In the next paper, Salathe [11] sees big data as a creative solution for improving detection of drug adverse events in the future, relying on patients researching information online or reporting their postexposure symptoms in health forums, on Twitter or Facebook. Statistical mining of unstructured texts derived from these data streams could uncover associations between adverse events and specific drugs, and greatly improve the timeliness of surveillance in this area. A similar argument could be made for tracking of vaccine-related adverse events, which currently rely on passive reporting by physicians. Analysis of internet and social media data streams could complement the Food and Drug Administration's Sentinel initiative, a recent effort to identify drug-related adverse events in large e-patient individual databases. Importantly, public-generated digital data can also be mined for information on behavior and sentiments, so as to monitor vaccine hesitancy and drug uptake [12, 13]. An important challenge here is to find balance between the timeliness of social media information and the cost of unfounded alerts. Indeed, claims of adverse events can quickly and irreparably taint lifesaving drugs or vaccines in the public opinion. As with disease surveillance, building hybrid systems that integrate big-data streams with passive physician reports of adverse events will help safeguard the accuracy and specificity of the alerts.

Beyond Surveillance: Big Data for Modeling of Disease Transmission Dynamics and Control

The wealth of information promised by big data, combined with the development of new analytical and modeling tools, will help shed light on intricate details of the transmission dynamics of infectious diseases that have so far remained obscured by lack of granular data. Four articles in this issue tackle this topic.

In the first article touching on modeling, Moran et al [14] reflect on the state of the art of epidemiological modeling and judge it to be on par with that of particle physics in the 1970s. They argue that epidemic modeling of nonhealth data, such as Internet search queries, is an example of rising to the challenge of catching up this delayed development. They draw an interesting parallel between disease forecasting, which remains in its infancy, and weather forecasting, which is deemed the reference standard for real-time integration and modeling of large data streams, followed by immediate release of personalized outputs—as attested by the omnipresence of forecasts in the media, the Internet, and smartphones. Improvement in disease forecasts will require a large increase in the volume of epidemiological information available for modeling, which big data may deliver, but will also require better standardization of disease reports and case definitions across time and space. The authors also note that communication of forecast uncertainty is a challenge and typically better accomplished in meteorology than disease forecasts - everyone understands a 20% chance of rain but not a 20% chance of outbreak. Finally, although weather forecasts are ultimately driven by the inalterable laws of physics, changes in human behavior (eg, due to risk perception and media attention) can affect the dynamics of an outbreak and skew its associated digital footprints, making disease forecasts potentially more complex.

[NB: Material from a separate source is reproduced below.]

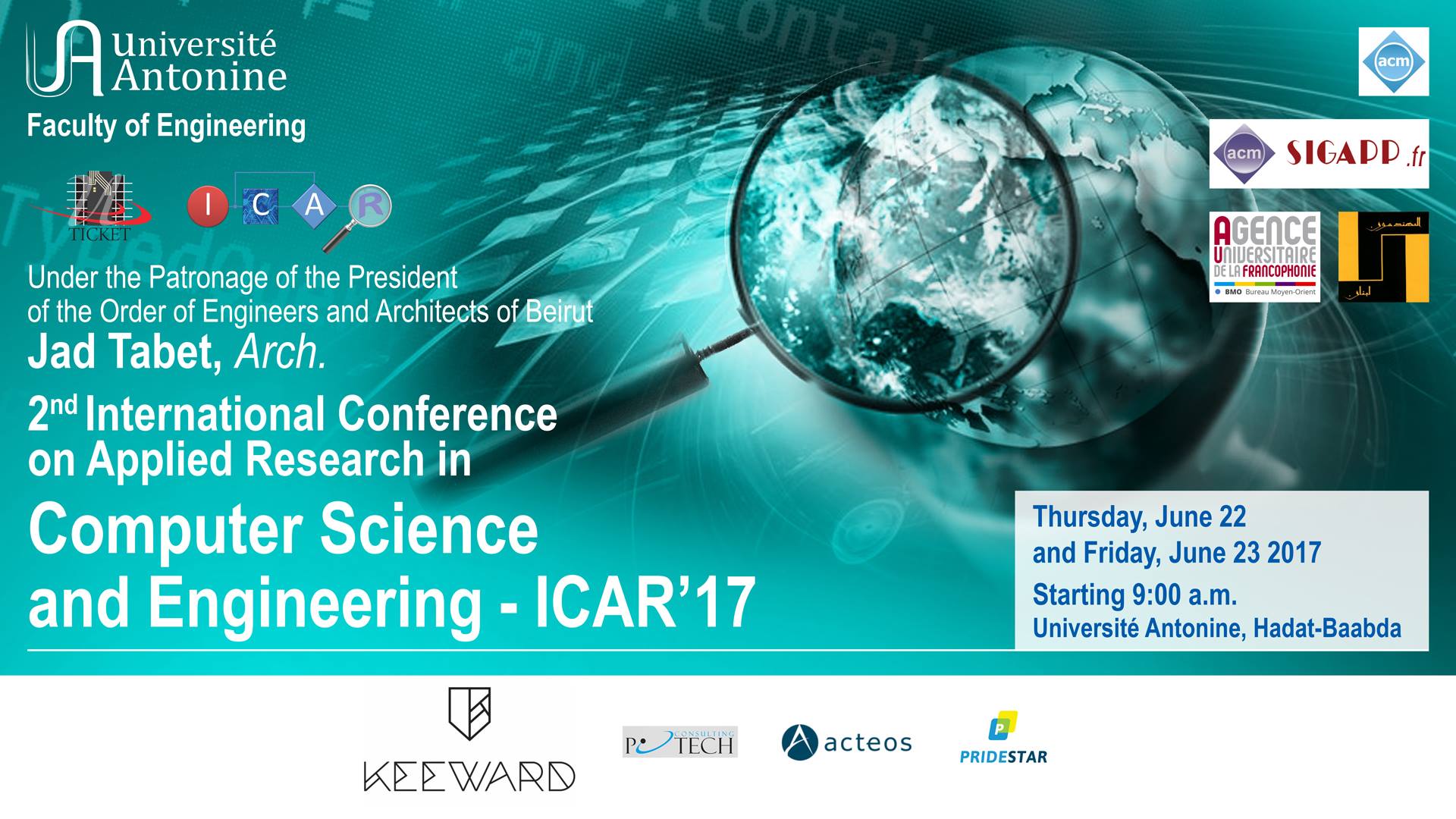 L'Université Antonine organise, avec le soutien de l'AUF, une Conférence internationale sur la recherche appliquée en informatique et en génie (ICAR’17) les 22 et 23 juin 2017 sur son campus de Baabda.
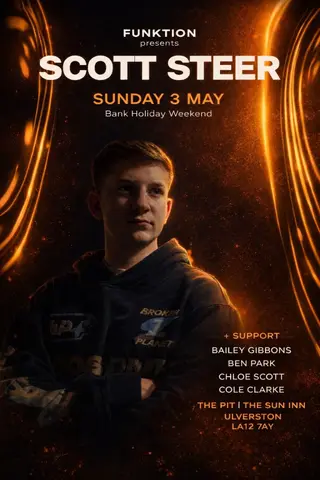 Funktion - Scott Steer takes place at TBA - The PIT - The Sun Inn Ulverston in North, United Kingdom on May 3, 2026. House and Tech House sounds all night.

Next, Lee et al [15] review the technical, practical, and ethical challenges of using big data to understand the spatial distribution and transmission of infectious diseases. The heterogeneity of data sets and data types particular to this field makes integration of different data streams obtained at different spatial scales technically challenging; greater use of multilevel Bayesian statistical approaches would help alleviate this issue. The authors also stress a conceptual chasm between classic epidemiology and the world of big data, related to the notion of sampling. Indeed, there is a lack of effort to conduct proper sampling and address issues of representativeness and coverage in big data, in contrast to the long history of developing sampling theories centered on formulation of well-specified hypotheses in classic epidemiology. Finally there are privacy issues associated with analysis of ever more detailed spatial data. Creative solutions include simulation of synthetic data sets reproducing the key epidemiological features identified in big data, while ensuring confidentiality of individual cases.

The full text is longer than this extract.